● Exercise details
Leaving out every picture, transcribe the lines from the line that contains "ست قیچی مستر" to the end of the entries below, both ends included.

Saved entries
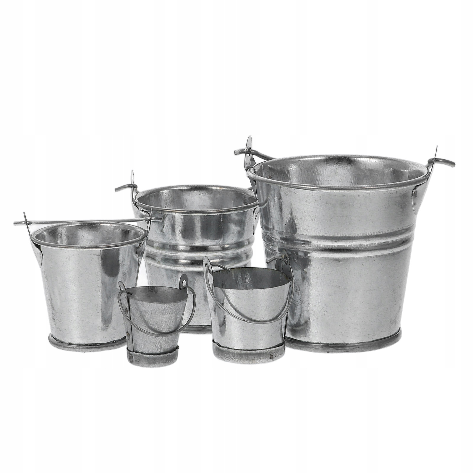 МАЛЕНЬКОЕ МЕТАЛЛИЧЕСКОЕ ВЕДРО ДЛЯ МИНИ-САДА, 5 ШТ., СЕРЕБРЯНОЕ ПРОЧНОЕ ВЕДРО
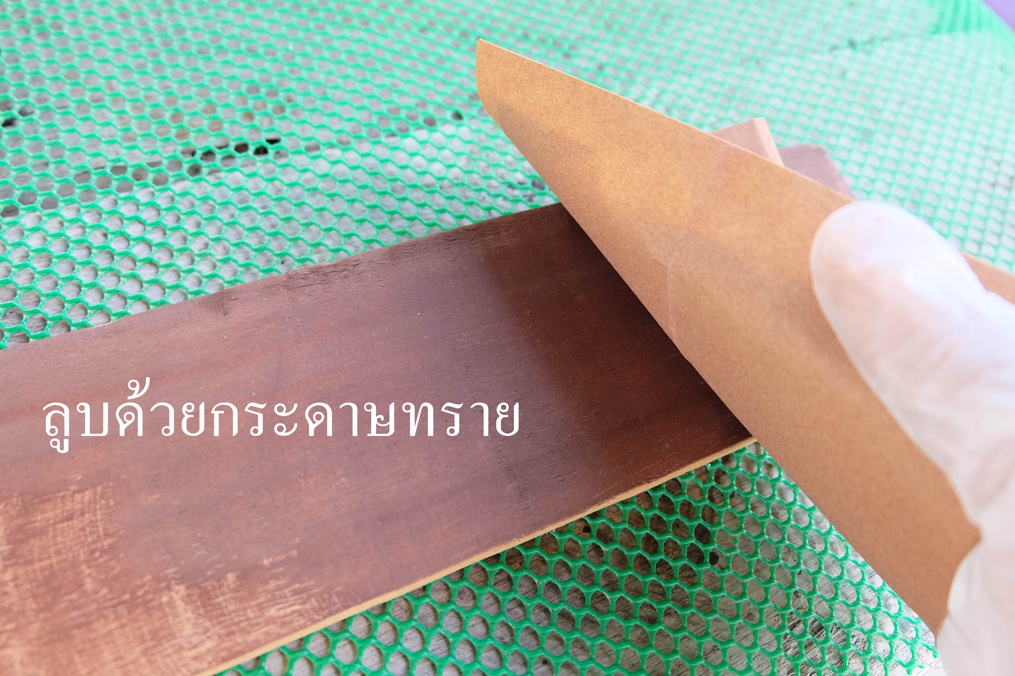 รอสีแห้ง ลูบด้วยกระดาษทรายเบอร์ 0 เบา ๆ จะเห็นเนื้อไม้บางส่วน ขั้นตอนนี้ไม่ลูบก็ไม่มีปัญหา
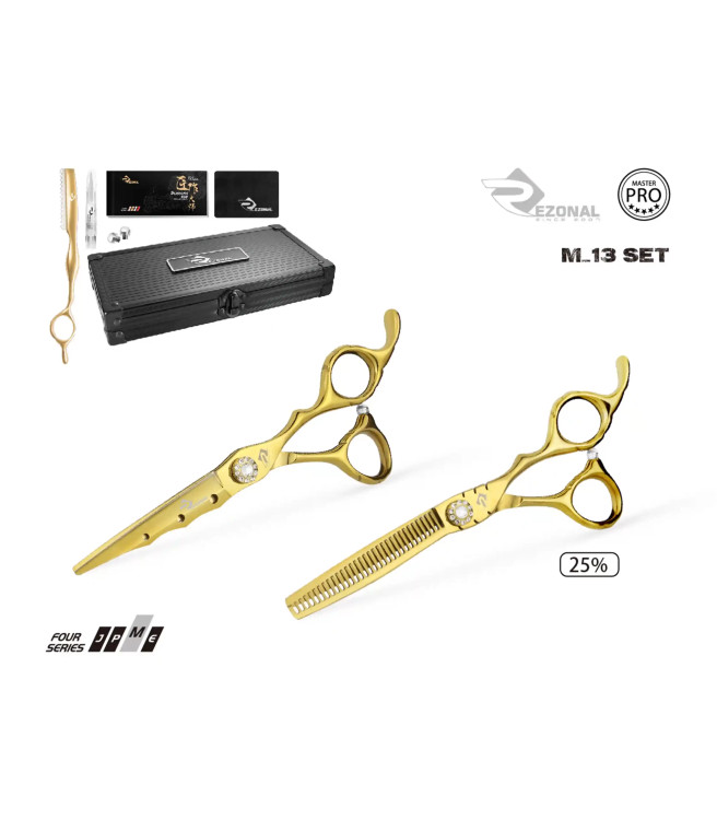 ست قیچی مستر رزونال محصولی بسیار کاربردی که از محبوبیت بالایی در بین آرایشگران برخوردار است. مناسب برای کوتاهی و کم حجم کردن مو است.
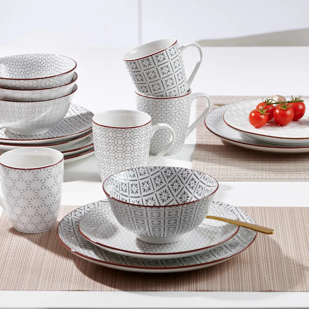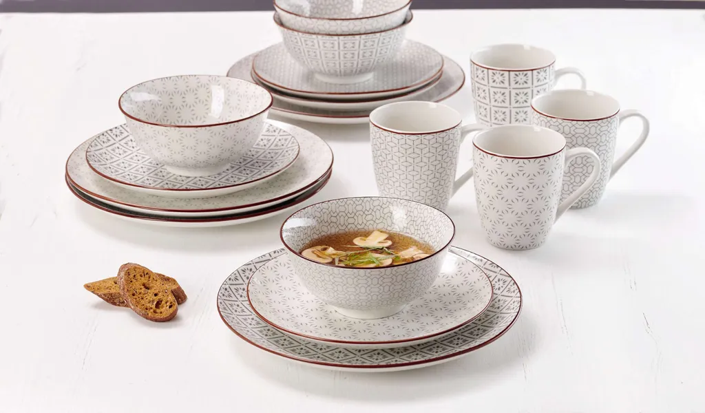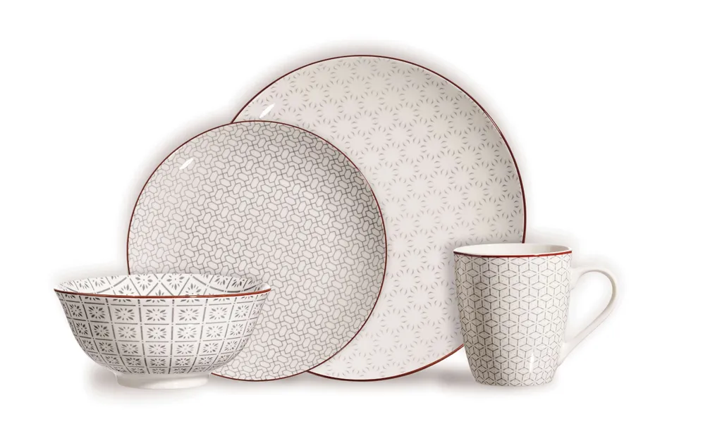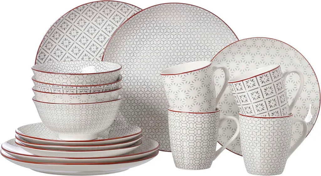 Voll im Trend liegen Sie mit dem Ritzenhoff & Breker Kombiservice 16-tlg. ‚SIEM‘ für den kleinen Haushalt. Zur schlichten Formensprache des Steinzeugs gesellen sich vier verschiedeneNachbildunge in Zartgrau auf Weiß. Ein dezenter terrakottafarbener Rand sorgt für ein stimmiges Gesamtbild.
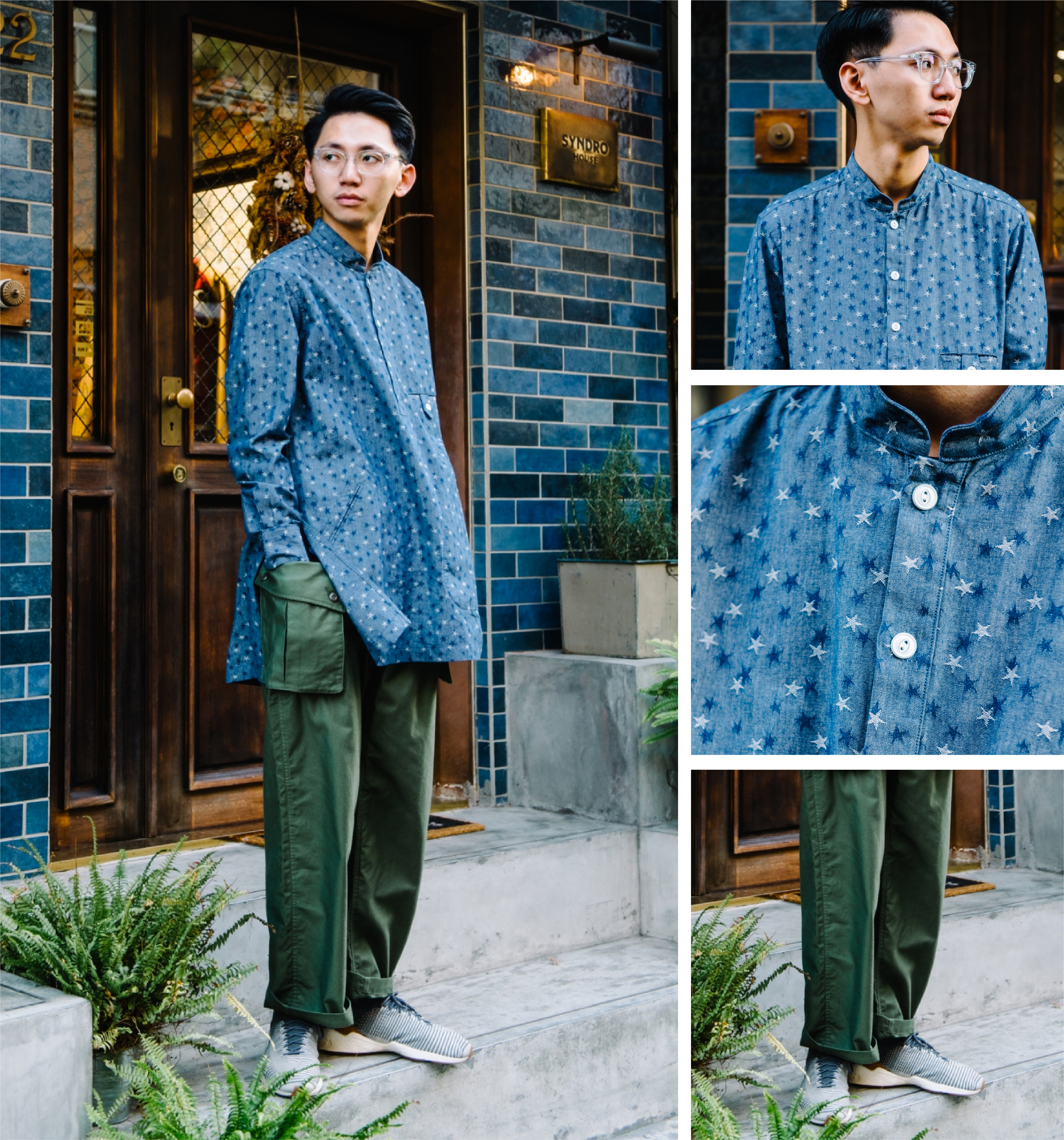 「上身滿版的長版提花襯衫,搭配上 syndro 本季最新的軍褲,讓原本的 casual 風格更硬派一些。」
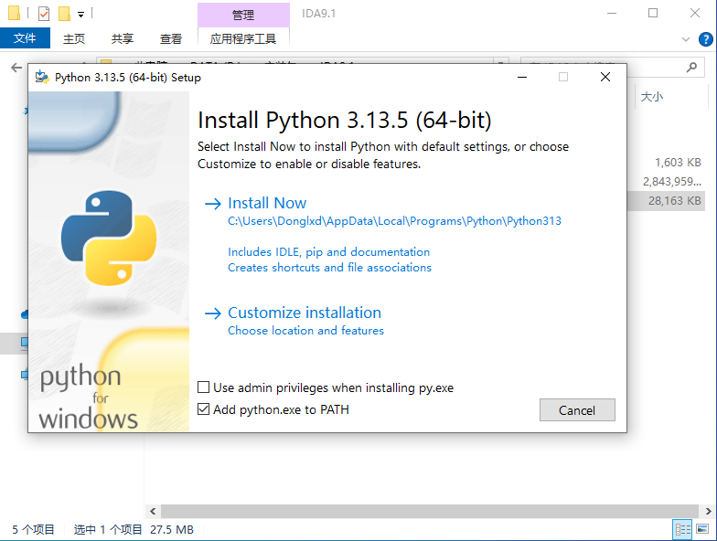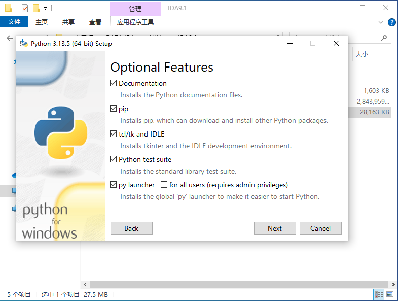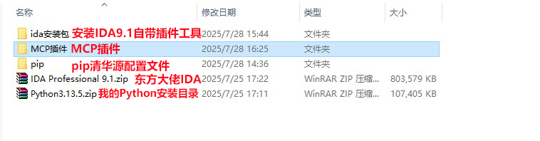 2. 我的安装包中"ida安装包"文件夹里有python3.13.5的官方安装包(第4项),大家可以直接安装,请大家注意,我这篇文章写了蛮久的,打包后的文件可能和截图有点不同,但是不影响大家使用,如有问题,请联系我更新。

● Response below
 ست قیچی مستر رزونال محصولی بسیار کاربردی که از محبوبیت بالایی در بین آرایشگران برخوردار است. مناسب برای کوتاهی و کم حجم کردن مو است.
 Voll im Trend liegen Sie mit dem Ritzenhoff & Breker Kombiservice 16-tlg. ‚SIEM‘ für den kleinen Haushalt. Zur schlichten Formensprache des Steinzeugs gesellen sich vier verschiedeneNachbildunge in Zartgrau auf Weiß. Ein dezenter terrakottafarbener Rand sorgt für ein stimmiges Gesamtbild.
 「上身滿版的長版提花襯衫,搭配上 syndro 本季最新的軍褲,讓原本的 casual 風格更硬派一些。」
 2. 我的安装包中"ida安装包"文件夹里有python3.13.5的官方安装包(第4项),大家可以直接安装,请大家注意,我这篇文章写了蛮久的,打包后的文件可能和截图有点不同,但是不影响大家使用,如有问题,请联系我更新。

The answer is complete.